Search code examples
postgresqlgreatest-n-per-group

PostgreSQL fast query to get most recent rows


I have a PostgreSQL table with a bunch of events, each containing a timestamp, id, and action. I expect a few million events per day, and expect the table to grow to several billion rows eventually.
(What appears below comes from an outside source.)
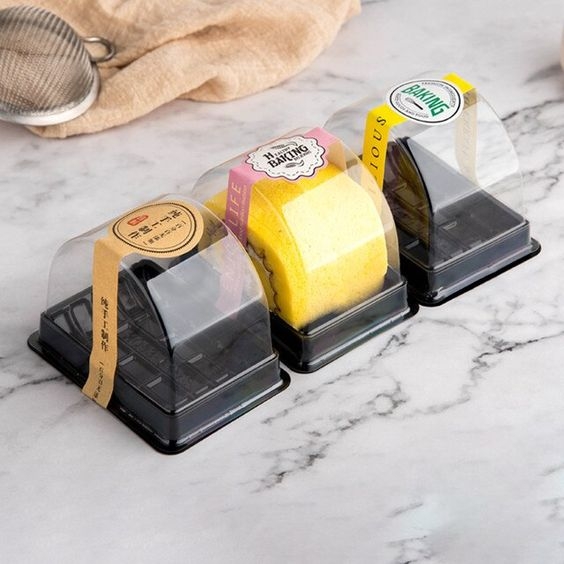 Hộp A93 với form bán nguyệt và chất liệu PET trong suốt rất thích hợp cho mousse, pudding, panna cotta hoặc các món tráng miệng lạnh cần giữ form đẹp. Độ cứng của hộp giúp bánh đứng vững, không bị xê dịch trong quá trình vận chuyển. Thiết kế nhỏ gọn hỗ trợ trình bày đẹp mắt, phù hợp cho bán mang đi. Đây là loại hộp lý tưởng cho các quầy dessert chuyên món lạnh theo phần.

I want to query the most recent events for each item (a few hundred thousand distinct ids) before a given date, but currently the query is extremely slow, taking 1-2 hours minimum (the table currently has around 100 million rows). Is there a way to speed up this query?

SELECT a.* FROM (
    with events as (
        SELECT
          ROW_NUMBER() OVER (PARTITION BY item ORDER BY time_stamp DESC) AS rn,
          *
        FROM event_updates
        WHERE time_stamp < '2023-05-01'
    )
    SELECT * FROM events WHERE rn=1 ORDER BY item
) a;

DDL for table

CREATE TABLE "event_updates" (
  "id" int4 NOT NULL DEFAULT nextval("event_updates"::regclass),
  "time_stamp" timestamptz(6) NOT NULL DEFAULT CURRENT_TIMESTAMP,
  "item" varchar(32) COLLATE "pg_catalog"."default" NOT NULL,
  "event_type" int2,
)
PARTITION BY ();
ALTER TABLE "event_updates" OWNER TO "owners";

Solution

  • First of all, you need an index on item and the timestamp. Second, you select the max(timestamp) for each item and then select the record you need:

    CREATE INDEX idx_event_updates_item_time_stamp
        ON event_updates(item, time_stamp);
    
    SELECT *
    FROM event_updates
        JOIN (SELECT item
                   , MAX(time_stamp) time_stamp
              FROM event_updates
              GROUP BY item
              ) sub USING (item, time_stamp);
    

    You might want to create the index per partition, concurrently, to avoid locking issues. It takes longer however.